私の京都:蛇塚古墳:魔界巡礼秦氏の謎
承前:私の京都:木嶋神社の三柱鳥居:魔界巡礼秦氏の謎
蛇塚古墳全景
ここで二点。
ともかく、太秦、木嶋といい帷子ノ辻といい、私は昔、幼稚園から就職して1年目まではこのあたり(車折:くるまざき!)に住んでいましたので、地名の呼び名をまちがうことはありませんが、他国の人だとほとんど絶望的な呼び名だと、痛感いたしましたよ。
ともかく、京都府下有数の蛇塚古墳だというのに、小学校、中学校くらいには訪れていたというのに、まったく、皆目、蛇塚の所在はようとして霧の中でしたよ。民家の密集地でした。記憶ではもうすこし野原の中にあったようなのですが、当日は目をつむって霊感でたどり着いた思いがしましたね。遠隔地の方は地図を確実に手にしてこないと、迷います。
地図:蛇塚古墳
蛇塚詳細地図:Google
京都府京都市右京区太秦面影町
石室の規模
それよりも、現実に足を入れて手でさわったのは玄室でして、しかもそれ以外の古墳を表す結構はまったくなかったです。むき出しの「石組み玄室」と言えばわかるでしょうか。むき出し玄室でそっくりなのは、飛鳥の石舞台にありますが、あそこは整備が進み、「方墳でした」と言われればそういう想像もできるのですが、蛇塚古墳は玄室の巨大さに圧倒されるだけで、その他のことはまったく分かりませんでした。
玄室へ至る道:羨道(せんどう)
近所の方が、JoBlog庵主と私の声高な「古墳評論家ぶり(笑)」会話に気がつかれたのか、柵の鍵を開けましょうかと言ってくださいました。さっそく、JoBlog庵主がノートに記帳し、中に入りました。
圧倒されました!
ほとんど、その一言ですね。ややこしい論議はふっとんで、ただただカメラ、ビデオをまわし、頬ずりはしませんでしたが、空から落ちる雨も意に介せず、玄室中央にたたずみました。古代人。すばらしい人たちだったと思いました。

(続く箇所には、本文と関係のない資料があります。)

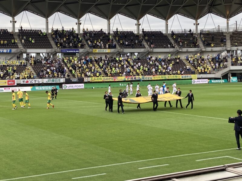 こちらは、オシム氏が逝去された後の岡山戦でのセレモニー。このとき間近でこのフラッグを目にして、色褪せやほつれがずいぶんあることを知った。それだけ長い間、オシム氏はジェフの精神的支柱であったことを実感。それは、これからも。

参考にあげた松木先生の説では、創世記の前方後円墳(たとえば、箸墓であり、種々天皇陵でしょうな)は徹底的にモニュメント、祈念であり記念だったようです。まつられた人は人じゃなくて神さま扱いだったのでしょう。しかし、古墳時代も後期になって、6世紀になると家族や一族の為の「墓」になり、その内装や仕組みが精緻になり、力の込めようが外装から内装へ変化したようなのです。内でひっそりと個人を偲ぶ、そして夫婦や長男以外の子供を追葬するための横穴式が発達した、とか理解しました。
確かに岩根がごつごつして、いわゆるカミソリ刃一枚入らないとは申しませんが、広々とした空間は墓所であり居間であるような、そんな幻視を味わいました。
岩根の情景
今後は、固い鉱物の岩と、柔らかな植物とを対置して考えるのはやめようと思いました。時が相反するものを溶かし込んでしまう。
この岩根をみて、私はそう思ったのです。
熱燗と季節限定鴨なんば
さて、ここからが問題なのです。JoBlogではすでに早々と蛇塚古墳記事を書いておられたのに、Muは今日までかかってしまいました。いろいろ当方事情もあったわけですが、一番の問題は、蛇塚についてわたくしめが確たる典拠を得られず、そのうえ肩に力が入りすぎて、先行JoBlogに負けない物を書こうと思い出してからが、地獄の日々でありました。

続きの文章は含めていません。